IgA nephropathy (IgAN) is the most common primary glomerulopathy biopsied worldwide. In the Mexican population, it is underestimated by the few reference centers for diagnosis of glomerular diseases. The objective of our study was to identify the association of glomerular syndromes with histological findings according to the MEST-C score of the Oxford classification in patients with IgA nephropathy.

Retrospective, observational, cohort in patients diagnosed by renal biopsy with IgA nephropathy treated in the nephrology service at the Specialty Hospital of the La Raza National Medical Center. Patients were grouped according to glomerular syndrome at the time of biopsy. For the analysis, descriptive statistics, odds ratio (OR) with a 95% confidence interval were used to determine the association of glomerular syndromes and histological findings using the MEST-C scheme of the Oxford classification.

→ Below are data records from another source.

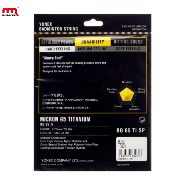 - Dây cước căng vợt Yonex BG 65 TITANIUM là loại cước căng vợt quá quen thuộc trong giới cầu lông Việt Nam hiện nay. Sau sự thành công của BG 65, Yonex đã có một nâng cấp nhỏ phù hợp với mong muốn của người chơi cầu lông phong trào chính là phủ thêm một lớp Titan làm tăng độ nảy, cho âm thanh nổ cầu lớn hơn nhưng vẫn được xếp vào loại cước đan vợt bền của Yonex.
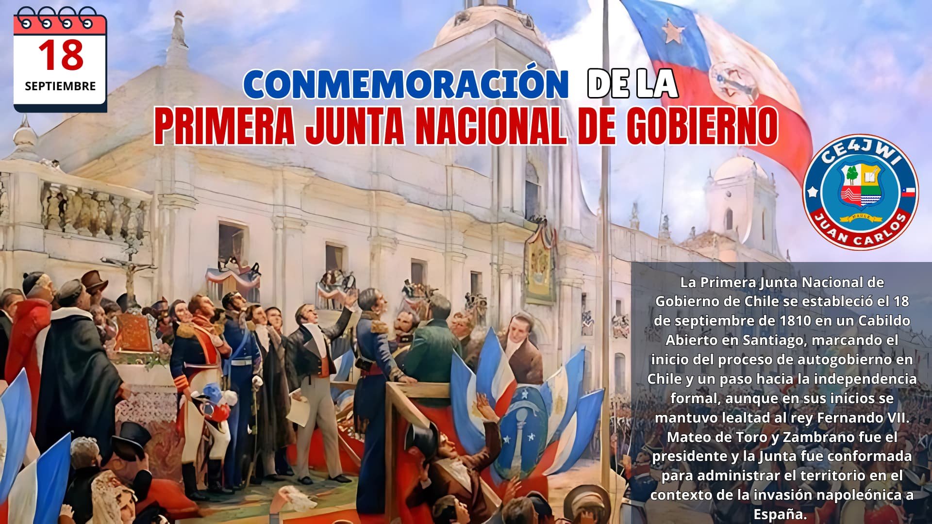 el 18 de septiembre se conmemora la realización de la Primera Junta Nacional de Gobierno, realizada el 18 de septiembre de 1810. Esta instancia se realizó debido a que el Rey Fernando VII de España, había sido capturado por Napoleón en 1808 y en un primer momento, buscaba mantener lealtad al rey mientras estaba cautivo.
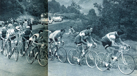 - Dans la descente vers Laruns, Rostollan fonce et rejoint Battistini. Derrière eux et Manzaneque intercalé, Nencini, Rivière & Planckaert se regroupent. Le Belge reçoit la consigne d'attendre Adriaensens. Rivière et Nencini rattrappent Manzaneque puis reviennent sur le duo de tête. 5 hommes donc au 1er échelon de la course. Au km 220, à 28 bornes de la ligne, la situation est la suivante : Battistini, Nencini, Rivière, Rostollan & Manzaneque, à 30" Adriaensens, Anglade, Mahé, Planckaert, Massignan & Geldermans, à 1'45" un groupe de 14 coureurs dont Junkermann, Privat & Simpson qui a chuté 2 fois !
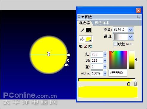 5、在混色器面板中将填充设为由黄到白色的渐变,类型为“放射状”,注意渐变条上黄色色块的位置。用填充变形工具调整渐变到如下大小,形成带着光晕的月亮。
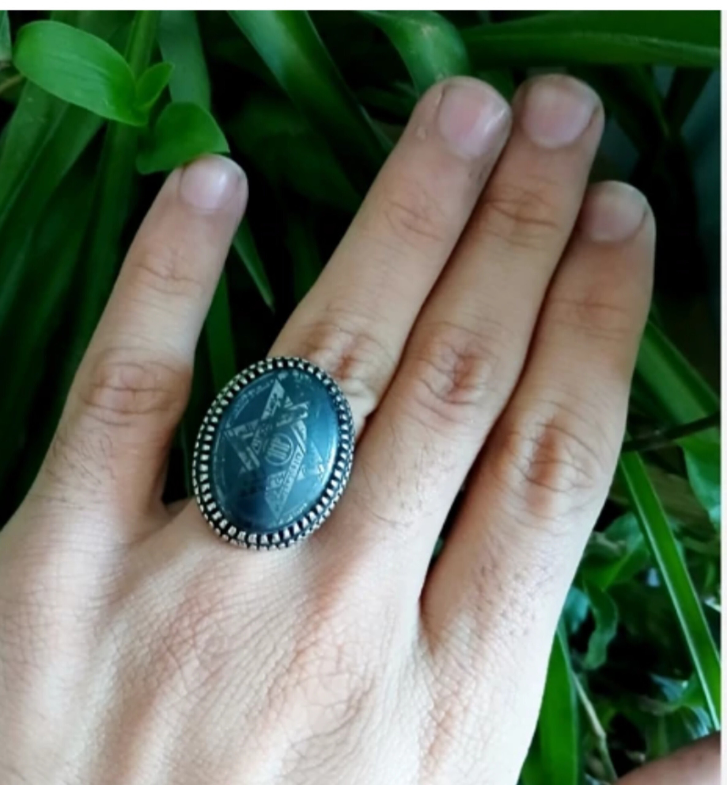 جنس رکاب نقره عیار 74( عیار پایین) آلیاژی ترکیبی کیفیت فوق العاده. نگین اصل معدنی سایز 60 حک تاج
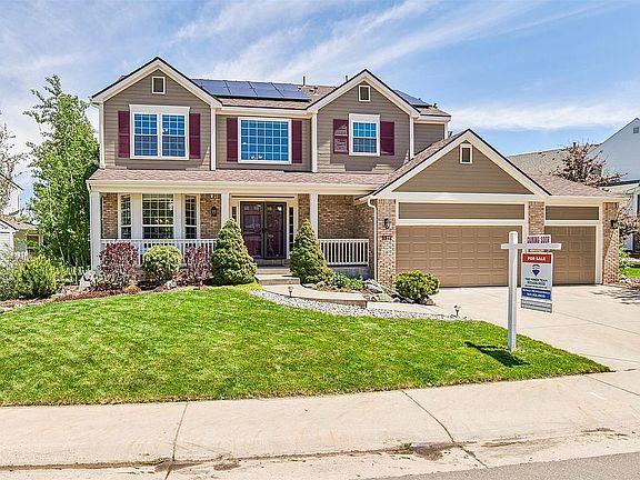 This is a rare opportunity to live in Heather Hill/Highlands Ranch! Excellent Updated & Move-In Ready home: 5 beds, 4 baths with finished basement, 3 car garage sitting on an expansive 0.18 acre lot. Highly maintained by original owner! Newer HVAC & humidifier (2018), water heater (2015), Class 4 impact-resistant roof (2014), owned solar panels (2019) & many windows upgraded. Brand New exterior paint and custom bi-directional blinds! Upgraded light fixtures, wrought-iron railings, 9 ceilings on main level. Flowing floorplan features formal living & dining rooms, kitchen open to family room. Hardwoods extending from dining room to kitchen. Updated kitchen has freshly painted 42 cabinets, granite, SS appliances (new double-oven range!), island & breakfast nook. Spacious family room with corner fireplace & access to backyard. Park-like yard with extended patio, many trees for privacy. Newly updated powder room. Mud room with new flooring, shelving & closet (can be converted to laundry room). Upstairs features a Master Suite with attached 5-pc bath with new floors, His & Hers closets! 3 more spacious secondary bedrooms with ceiling fans plus a centrally located full bath. Finished garden level basement offers more living space- large rec room, bedroom #5/office & updated 3/4 bath plus storage room. The laundry closet has included W&D, storage cabinets & room for folding table. Tons of storage in dry-walled, 3 car garage. Gorgeous curb appeal with mature landscaping & covered front porch. Owned solar panels: buyer takes over payments or seller will pay off with right offer! Walk to top-rated Heritage Elem, Valor HS, Dad Clark Park. Low HOA gets 4 rec centers, pools, tennis, fitness. Miles of trails! Near Town Center, Central Park, new hospital. Easy to C470, LightRail. Must See!

Endocapillary hypercellularity, although observed in half of the patients, was not associated with any glomerular syndrome. For its part, the absence of segmental sclerosis (S0) was associated with an increased risk of developing hematuria-proteinuria syndrome (OR: 2,500 95% CI: 1,613-3,875). The finding of Tubular Atrophy with Interstitial Fibrosis T0 and the absence of C0 cellular/fibrocellular crescents were associated with a decreased risk of developing rapidly progressive syndrome with OR: 0.111 and 95% CI: 0.018-0.705 and OR: 0.143 with 95% CI: 0.023 -0.899, respectively. In contrast, Tubular Atrophy with T2 Interstitial Fibrosis and the presence of C2 cellular/fibrocellular crescents were associated with an increased risk of developing rapidly progressive syndrome with OR: 5,800 and 95%CI: 2,613-12,874 and OR: 4,429 with 95%CI : 2,308-8,499, respectively. Additionally, the presence of cellular/fibrocellular crescents was associated with an increased risk of presenting hematuria (OR: 1.292 with 95% CI: 1.068-1.562), hematuria-proteinuria syndrome (OR: 2.385 with 95% CI: 1.576-3.608) and nephrotic syndrome (OR: 5,167 with 95% CI: 2,519-10,599).

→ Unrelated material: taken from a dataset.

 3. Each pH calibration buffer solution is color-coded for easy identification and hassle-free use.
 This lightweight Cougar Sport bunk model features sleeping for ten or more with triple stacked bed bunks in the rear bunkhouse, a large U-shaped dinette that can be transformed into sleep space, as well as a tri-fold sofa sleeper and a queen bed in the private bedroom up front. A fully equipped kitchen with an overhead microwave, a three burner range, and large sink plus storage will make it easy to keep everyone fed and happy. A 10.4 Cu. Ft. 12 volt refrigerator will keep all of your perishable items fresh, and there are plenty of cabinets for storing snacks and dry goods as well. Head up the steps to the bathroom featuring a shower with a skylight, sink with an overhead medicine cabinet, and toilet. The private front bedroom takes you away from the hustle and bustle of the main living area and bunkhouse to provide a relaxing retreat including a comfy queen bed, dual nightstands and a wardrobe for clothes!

The presence of crescents was associated with an increased risk of developing hematuria and hematuria-proteinuria syndrome. Finding tubulo-interstitial fibrosis greater than 50% of the cortical area, as well as the finding of >25% of glomeruli with crescents, were associated with an increased risk of developing rapidly progressive syndrome, highlighting the prognosis importance of the MEST-C score of the Oxford classification and the importance of improving activity markers.